*WHAT IS NEEDED*
The lines to reproduce from the material below are those from the one containing "この度はミライエよりご成約頂き、誠にありがとうございました。" through the one containing "FA55034# 蕾丝上衣女长袖中长款大码雷丝小衫宽松遮肚子打底衫 服裝批發女裝批發服飾貨源", both included; write them out exactly and add nothing.

*SOURCE DATA*
━━━━━━━━━━

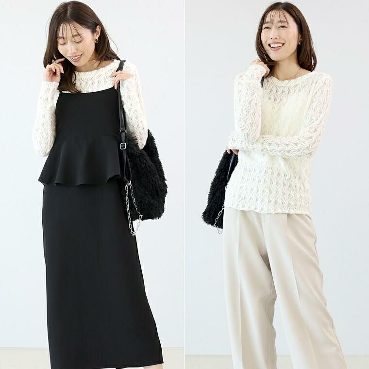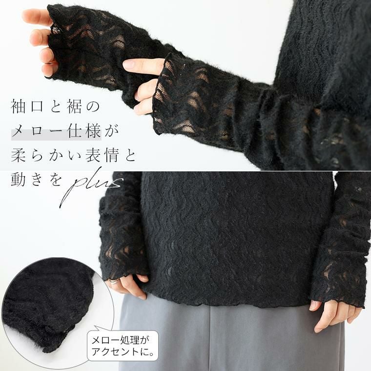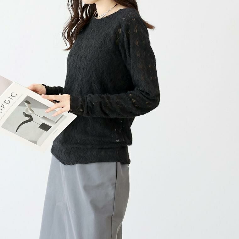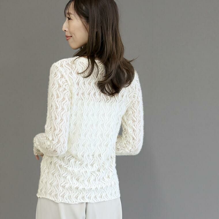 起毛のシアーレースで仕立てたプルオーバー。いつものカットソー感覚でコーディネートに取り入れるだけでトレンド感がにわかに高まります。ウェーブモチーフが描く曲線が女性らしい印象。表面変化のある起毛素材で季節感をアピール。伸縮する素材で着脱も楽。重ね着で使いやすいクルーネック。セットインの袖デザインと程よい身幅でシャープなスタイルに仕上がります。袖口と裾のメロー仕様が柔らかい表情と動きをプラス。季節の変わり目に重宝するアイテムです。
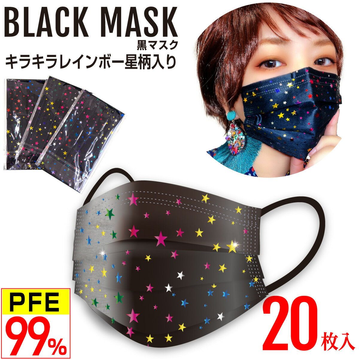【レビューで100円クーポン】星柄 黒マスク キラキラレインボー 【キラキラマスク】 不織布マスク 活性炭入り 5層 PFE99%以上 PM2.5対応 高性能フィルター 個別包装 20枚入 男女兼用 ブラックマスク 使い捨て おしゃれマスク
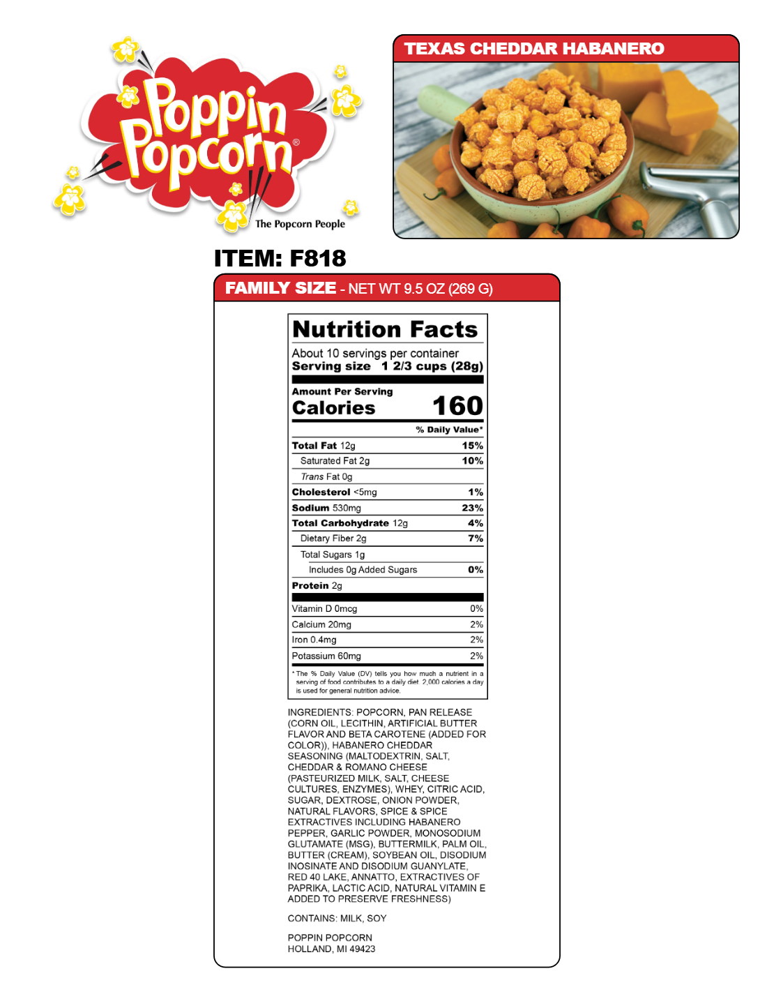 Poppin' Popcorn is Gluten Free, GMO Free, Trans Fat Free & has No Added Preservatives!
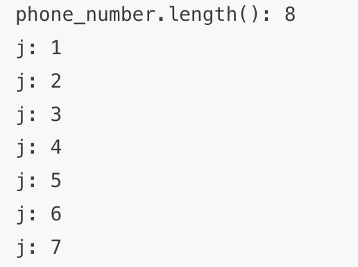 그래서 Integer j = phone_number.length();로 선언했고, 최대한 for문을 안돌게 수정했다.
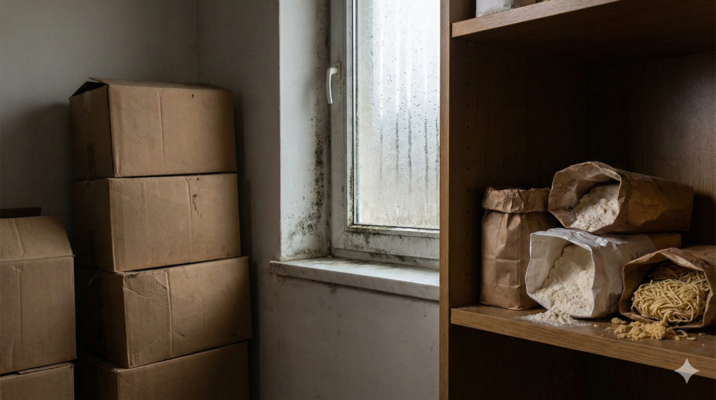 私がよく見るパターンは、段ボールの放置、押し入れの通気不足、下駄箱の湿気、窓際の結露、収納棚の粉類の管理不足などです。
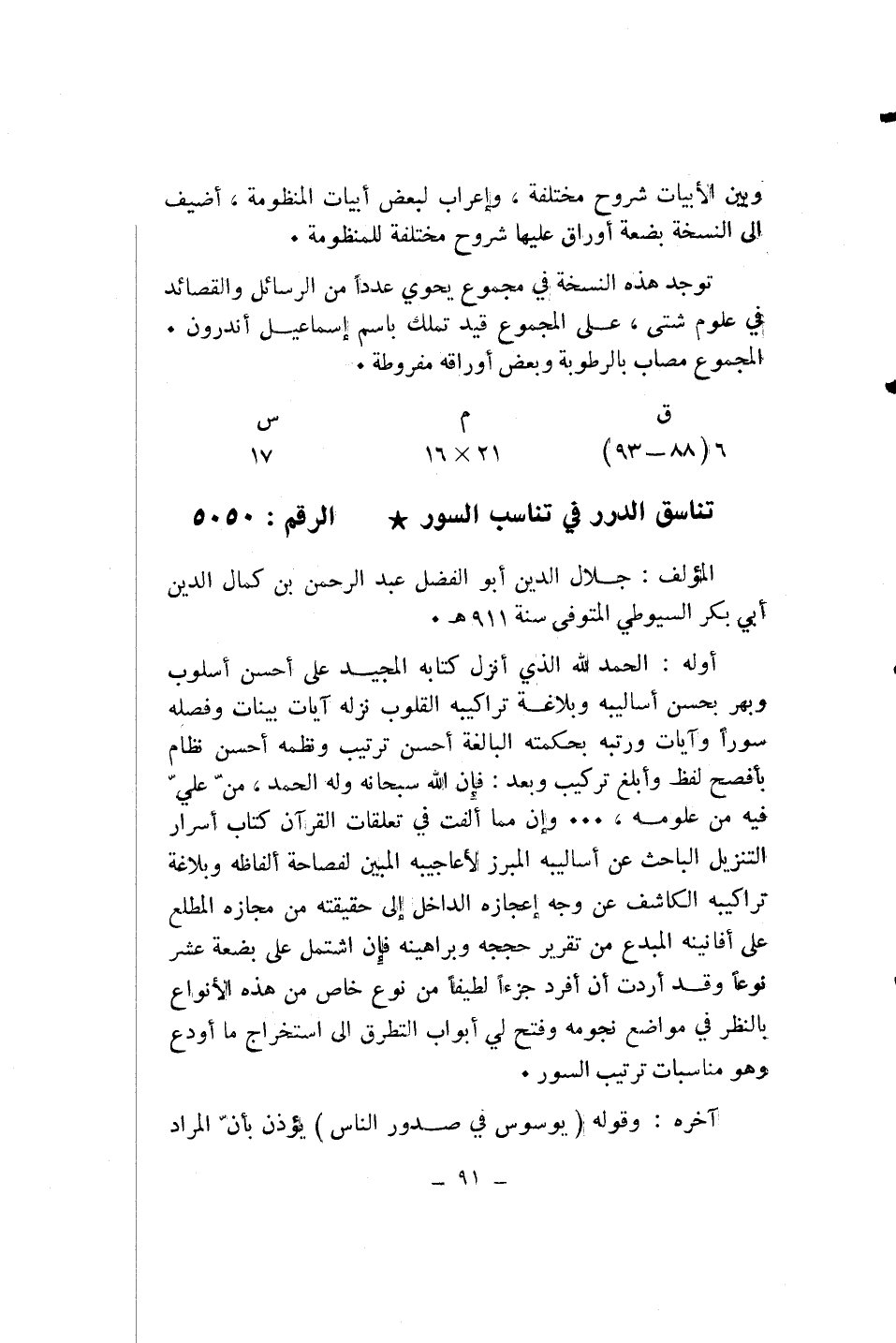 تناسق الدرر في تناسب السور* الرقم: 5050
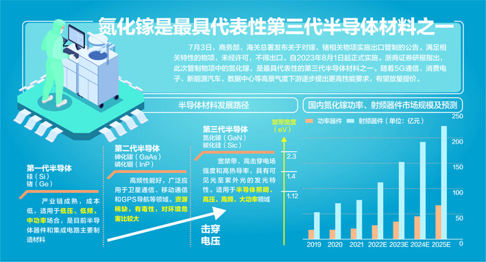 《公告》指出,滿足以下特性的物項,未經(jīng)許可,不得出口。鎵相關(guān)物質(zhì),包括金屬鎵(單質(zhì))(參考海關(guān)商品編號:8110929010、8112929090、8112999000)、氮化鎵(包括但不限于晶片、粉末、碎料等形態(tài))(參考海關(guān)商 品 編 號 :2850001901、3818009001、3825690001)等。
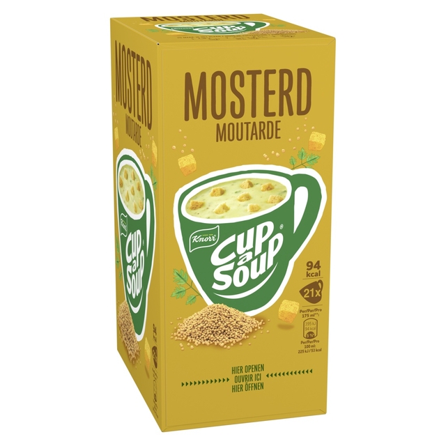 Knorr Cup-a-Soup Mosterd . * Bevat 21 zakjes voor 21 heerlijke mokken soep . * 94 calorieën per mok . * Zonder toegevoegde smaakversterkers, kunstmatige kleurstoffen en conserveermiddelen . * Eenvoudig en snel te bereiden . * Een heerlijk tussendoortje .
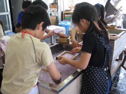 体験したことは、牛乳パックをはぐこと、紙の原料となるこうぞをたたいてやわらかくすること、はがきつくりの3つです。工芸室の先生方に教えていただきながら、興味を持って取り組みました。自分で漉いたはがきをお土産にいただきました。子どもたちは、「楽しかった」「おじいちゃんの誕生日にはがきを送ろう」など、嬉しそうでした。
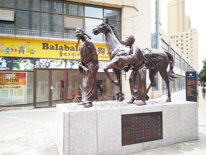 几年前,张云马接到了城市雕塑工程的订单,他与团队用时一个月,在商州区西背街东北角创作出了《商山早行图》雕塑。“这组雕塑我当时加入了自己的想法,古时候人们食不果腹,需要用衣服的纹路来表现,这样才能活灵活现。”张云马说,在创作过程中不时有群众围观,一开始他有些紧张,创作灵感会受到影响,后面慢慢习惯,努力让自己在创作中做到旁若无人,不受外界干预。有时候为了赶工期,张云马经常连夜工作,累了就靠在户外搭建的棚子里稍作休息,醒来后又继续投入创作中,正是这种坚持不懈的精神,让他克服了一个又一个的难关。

━━━━━━━━━━

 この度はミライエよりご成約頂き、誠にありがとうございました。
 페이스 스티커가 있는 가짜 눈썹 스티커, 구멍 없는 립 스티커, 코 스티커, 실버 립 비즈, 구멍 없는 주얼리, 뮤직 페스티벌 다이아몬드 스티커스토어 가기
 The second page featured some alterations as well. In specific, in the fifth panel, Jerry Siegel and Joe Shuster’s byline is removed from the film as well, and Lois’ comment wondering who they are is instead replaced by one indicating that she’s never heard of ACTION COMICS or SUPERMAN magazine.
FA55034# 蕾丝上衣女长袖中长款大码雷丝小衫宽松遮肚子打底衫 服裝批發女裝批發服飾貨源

━━━━━━━━━━

*YOUR RESPONSE*
 この度はミライエよりご成約頂き、誠にありがとうございました。
 페이스 스티커가 있는 가짜 눈썹 스티커, 구멍 없는 립 스티커, 코 스티커, 실버 립 비즈, 구멍 없는 주얼리, 뮤직 페스티벌 다이아몬드 스티커스토어 가기
 The second page featured some alterations as well. In specific, in the fifth panel, Jerry Siegel and Joe Shuster’s byline is removed from the film as well, and Lois’ comment wondering who they are is instead replaced by one indicating that she’s never heard of ACTION COMICS or SUPERMAN magazine.
FA55034# 蕾丝上衣女长袖中长款大码雷丝小衫宽松遮肚子打底衫 服裝批發女裝批發服飾貨源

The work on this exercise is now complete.